Select the Interface: KeenTools FaceBuilder… checkbox to enable the add-on, unfold it, accept the licence agreement, and finally press Install online to download and install KeenTools Core Library necessary for the add-on performance.

For offline installation, you’ll need to have our Core Library previously downloaded from this page. Simply click on the Install from disk button and navigate to the Core Library zip file. ​​ Note that the versions of the add-on and the core library should match.

Like other KeenTools add-ons for Blender, FaceBuilder can be accessed through the N-panel (sidebar) by pressing Nor clicking on a tiny little triangle in the upper right corner of the viewport.

Once you press Create new Head, FaceBuilder adds a default 3D head to the scene. This is a neutral head that you will be morphing using reference images.

First step: add default head

Load Images

Start by pressingAdd Images and load reference photos. New cameras will be added automatically to your scene according to the number of views. You can load multiple images at once.

When building a 3D head from a single photo, consider using a ¾ view as it contains more of the relevant three-dimensional information compared to full face or profile views.

Load reference images

Though you may use photos of different sizes and shot with different cameras, painted or AI-generated as well as video snapshots, we recommend using a set of images showing the head from different angles and sharing the same settings and lighting in order to create a perfectly accurate 3D head with good-looking texture. The preferred views are:

– Full face
– Left profile
– Right profile
– ¾ Left
– ¾ Right
– Half-face back side left
– Half-face back side right
– Low-angle view
– High-angle view

Recommended set of photos

Note that when solving, lens distortion is not taken into account. In other words, FaceBuilder treats images as if there’s no lens distortion in them at all. So if you build a 3D head from wide-angle closeup shots, consider undistorting images first, using the Undistortion node or other preferred method.

Camera settings and EXIF

FaceBuilder sets up cameras automatically using the data stored in the image EXIFs. In case image metadata is empty, FaceBuilder will attempt to estimate focal length automatically. You can adjust the focal length manually in case you know the right value. For manual adjustment go to the Views tab > Options, deactivate Estimate focal Length, and type in the new value below. Make sure you use a 35mm equivalent focal length value.

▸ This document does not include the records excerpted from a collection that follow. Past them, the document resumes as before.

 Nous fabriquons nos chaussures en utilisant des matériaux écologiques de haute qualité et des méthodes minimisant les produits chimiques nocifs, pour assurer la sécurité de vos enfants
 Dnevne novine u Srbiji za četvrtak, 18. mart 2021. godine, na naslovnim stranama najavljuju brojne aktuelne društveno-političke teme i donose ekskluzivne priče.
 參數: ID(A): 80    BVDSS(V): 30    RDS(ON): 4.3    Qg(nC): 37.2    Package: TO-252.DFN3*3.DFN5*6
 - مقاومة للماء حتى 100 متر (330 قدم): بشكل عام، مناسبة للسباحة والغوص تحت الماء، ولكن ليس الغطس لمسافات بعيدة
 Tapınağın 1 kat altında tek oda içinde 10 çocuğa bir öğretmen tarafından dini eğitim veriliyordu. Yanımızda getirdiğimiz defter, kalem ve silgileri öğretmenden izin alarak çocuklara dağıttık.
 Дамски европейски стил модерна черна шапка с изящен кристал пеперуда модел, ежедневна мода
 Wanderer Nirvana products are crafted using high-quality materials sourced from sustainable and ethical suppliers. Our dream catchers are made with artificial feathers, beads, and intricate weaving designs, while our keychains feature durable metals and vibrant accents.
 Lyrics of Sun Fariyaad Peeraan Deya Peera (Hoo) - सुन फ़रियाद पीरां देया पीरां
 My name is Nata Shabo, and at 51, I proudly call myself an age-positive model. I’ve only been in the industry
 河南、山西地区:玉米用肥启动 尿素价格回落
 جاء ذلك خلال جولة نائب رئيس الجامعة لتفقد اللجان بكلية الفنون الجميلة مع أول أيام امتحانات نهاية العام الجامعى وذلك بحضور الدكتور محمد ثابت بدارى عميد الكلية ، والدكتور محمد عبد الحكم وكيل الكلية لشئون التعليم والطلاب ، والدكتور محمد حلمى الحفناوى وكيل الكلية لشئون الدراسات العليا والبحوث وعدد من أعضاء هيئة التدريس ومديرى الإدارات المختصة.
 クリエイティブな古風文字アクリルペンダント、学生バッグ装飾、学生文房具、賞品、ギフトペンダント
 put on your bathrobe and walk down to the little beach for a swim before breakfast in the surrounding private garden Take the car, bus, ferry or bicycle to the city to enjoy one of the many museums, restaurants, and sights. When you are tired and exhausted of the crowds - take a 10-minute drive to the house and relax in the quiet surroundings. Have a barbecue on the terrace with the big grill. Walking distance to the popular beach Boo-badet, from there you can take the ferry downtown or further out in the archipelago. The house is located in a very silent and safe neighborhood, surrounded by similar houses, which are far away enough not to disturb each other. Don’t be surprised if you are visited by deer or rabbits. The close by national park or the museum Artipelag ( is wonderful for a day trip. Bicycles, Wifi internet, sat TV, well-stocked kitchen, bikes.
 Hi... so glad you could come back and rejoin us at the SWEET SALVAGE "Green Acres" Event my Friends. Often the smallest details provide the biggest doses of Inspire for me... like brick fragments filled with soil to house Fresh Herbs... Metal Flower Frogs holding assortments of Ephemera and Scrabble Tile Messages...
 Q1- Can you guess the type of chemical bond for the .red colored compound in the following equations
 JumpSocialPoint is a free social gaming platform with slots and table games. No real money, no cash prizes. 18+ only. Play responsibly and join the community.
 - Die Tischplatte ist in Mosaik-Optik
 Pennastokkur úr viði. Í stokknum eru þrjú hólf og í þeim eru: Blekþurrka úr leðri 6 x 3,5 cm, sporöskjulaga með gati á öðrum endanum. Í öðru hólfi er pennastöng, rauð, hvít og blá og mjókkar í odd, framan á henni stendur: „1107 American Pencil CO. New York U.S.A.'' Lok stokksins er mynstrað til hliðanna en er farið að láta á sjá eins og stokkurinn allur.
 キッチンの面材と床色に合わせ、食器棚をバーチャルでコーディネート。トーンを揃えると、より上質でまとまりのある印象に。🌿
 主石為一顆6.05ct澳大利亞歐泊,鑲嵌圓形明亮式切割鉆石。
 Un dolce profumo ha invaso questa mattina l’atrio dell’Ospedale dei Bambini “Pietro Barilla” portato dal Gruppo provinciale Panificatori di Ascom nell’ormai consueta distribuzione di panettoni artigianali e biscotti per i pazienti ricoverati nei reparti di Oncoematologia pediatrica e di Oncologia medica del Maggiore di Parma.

Manual Focal Length adjustment

Facial expressions

Before you start aligning mesh with the images, it’s important to decide whether or not you want FaceBuilder to capture facial expressions. By default, FaceBuilder assumes the person’s face on the images has a neutral expression, and so the resulting 3D head will also be neutral. If there’s a smile on the face, raised eyebrow, neck turn, etc., consider turning Allow facial expressions on, which makes the blue parts of the mesh and neck more flexible and easier to align. Note that once activated, this option applies to all views. There may be different emotions in different photos, and you can specify which view you want to use as the expression source for the resulting 3D model or keep it neutral in the Model tab.

Once you check Allow facial expressions, there will appear a couple of new options below: Lock eyelids and Lock neck. When these options are selected, FaceBuilder expects that the eyes are completely open and the neck is not tilted or turned.

Capture facial expressions

Align mesh to face

The loaded images appear as view buttons with filenames on them in the Views tab. When you click on a view you’ll see the image and the face mesh on top of it in the viewport. If it’s the only view you loaded, FaceBuilder will attempt to detect the face automatically and make rough estimation of its 3D position and shape.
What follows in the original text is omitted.